TEE was DIAGNOSTICALLY helpful in 76% of cases

  • excluding cardiac cause of arrest 43% (27/54)

  • Ascertaining etiology of arrest (9/54)

  • identification of depressed left ventricular function 8% (5/54)

  • Hypovolemia 6% (4/54)

  • Aortic dissection 3% (2/54)

  • Identifying underlying rhythm 2% (1/54)

TEE had THERAPEUTIC impact in 67% of cases

  • changing CPR 42% (misplaced vector of force, chest compressor fatigue, shortened pulse-check duration, identification of return of cardiac activity)

  • Cessation of resuscitation 30%

  • Guide hemodynamic support through volume (18%) or vasoactive drugs (8%)

  • Procedural guidance 2% (pacemaker insertion)

Other Findings

The use of the four different views

Mid-esophageal four-chamber was most commonly achieved (98%)

Transgastric short axis (81%)

Esophageal long-axis (79%)

Bicaval view (47%)

55.6% (30/54) of these findings were specific to TEE (hypothetically not able to be seen on TTE)


Small population


We don’t know how much really could have been seen on TTE because it was not attempted in most patients.

We don’t know if the changes recommended based on TEE were good decisions.

We don’t know the utility in less sick patients (non-intubated).

Limited evidence to support safety given small population and no autopsies performed.

Take Home Points

1. Transesophageal echocardiography (TEE) appears to be feasible in the emergency department. 100% success rate study patient population.

2. TEE can change the management of your patients.

3. There were no complications of TEE in the ED reported in this small retrospective study.

Our score

3 Probes

Cite this post as

Michael Prats, MD. Transesophageal Echocardiography in the Emergency Department.
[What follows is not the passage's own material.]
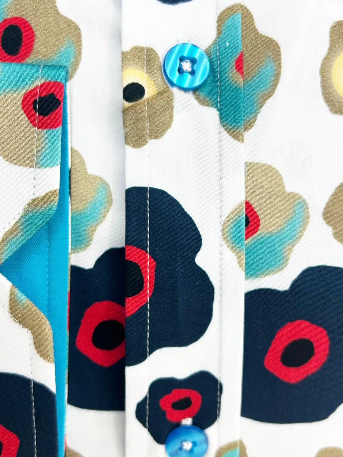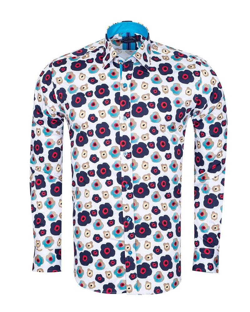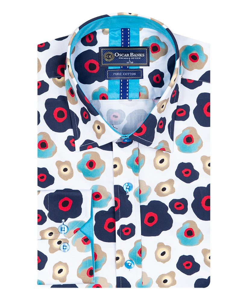 Introducing the White Colourful Abstract Shapes with Matching Handkerchief, a truly unique addition to your wardrobe. Crafted from 100% satin cotton, this shirt offers a luxurious feel while showcasing a vibrant abstract design that stands out.

Ultrasound G.E.L. Podcast Blog. Published on January 02, 2017. Accessed on January 18, 2021. Available at
Published on 01/02/17 01:00 AM
comments (2)
By Anonymous on 02/19/17 08:55 PM
When there is a study showing increased survival with TEE in cardiac arrest, I will ask my department for $$$.
By Mike Prats on 02/20/17 03:43 PM
Thanks for your post. You bring up a good point - this is very early evidence and probably not substantial enough for many to justify a significant investment. However, I wouldn't hold your breath waiting for a TEE vs control trial. There are many diagnostic and therapeutic interventions that are used without definitive mortality benefit. Although having well done RCTs about everything would be ideal, in many cases it is not feasible. A challenging part of the job is weighing risks versus benefits based on best available evidence. This study is just beginning to build the evidence base to show that TEE in the ED might be a good idea.